* About this exercise
Beginning at the line that contains "Du willst schnelles, hochwertiges", reproduce the entries below exactly, ending with the line that contains "رصد خبر | بیانات". Omit each picture.

* Recorded data
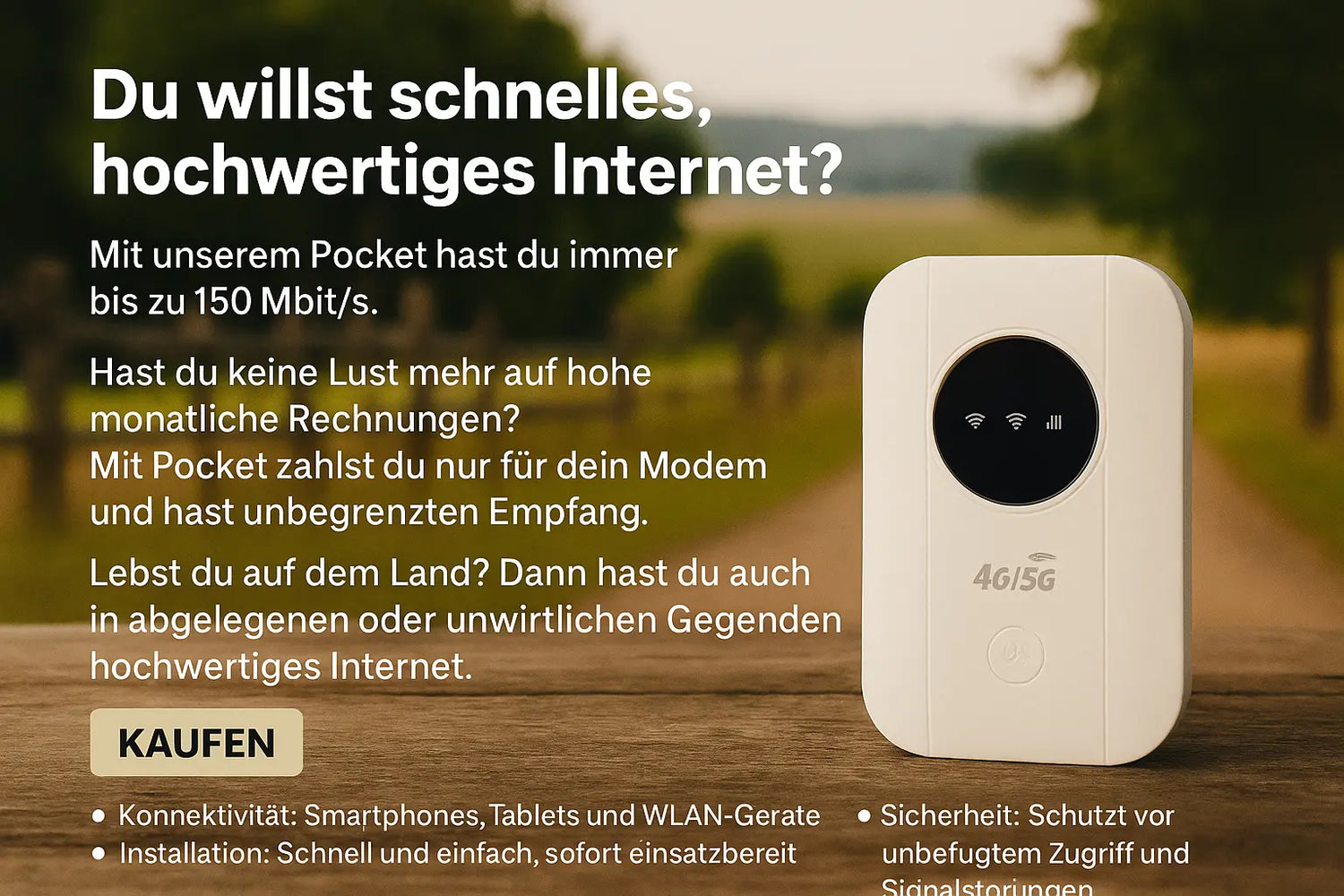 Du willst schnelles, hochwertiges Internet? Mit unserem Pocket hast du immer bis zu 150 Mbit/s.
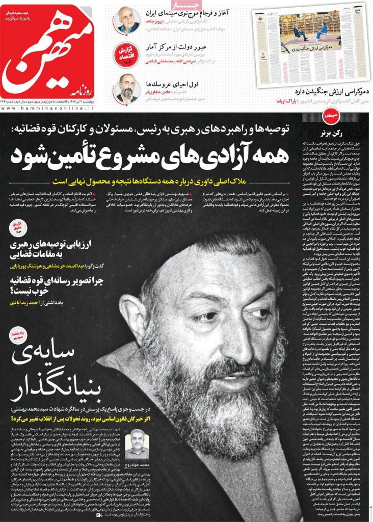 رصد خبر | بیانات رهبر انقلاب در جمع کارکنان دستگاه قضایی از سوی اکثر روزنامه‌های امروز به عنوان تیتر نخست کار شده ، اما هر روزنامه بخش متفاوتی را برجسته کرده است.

...

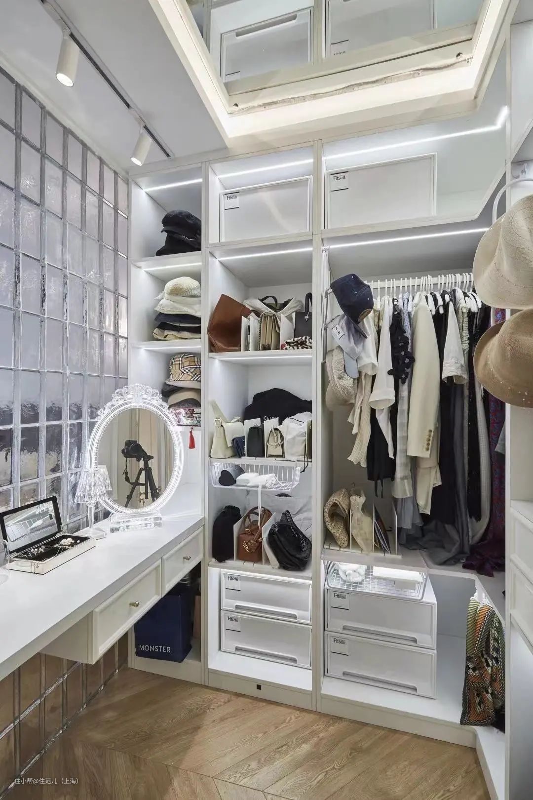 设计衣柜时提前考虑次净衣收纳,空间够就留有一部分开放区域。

* Exercise solution
 Du willst schnelles, hochwertiges Internet? Mit unserem Pocket hast du immer bis zu 150 Mbit/s.
 رصد خبر | بیانات رهبر انقلاب در جمع کارکنان دستگاه قضایی از سوی اکثر روزنامه‌های امروز به عنوان تیتر نخست کار شده ، اما هر روزنامه بخش متفاوتی را برجسته کرده است.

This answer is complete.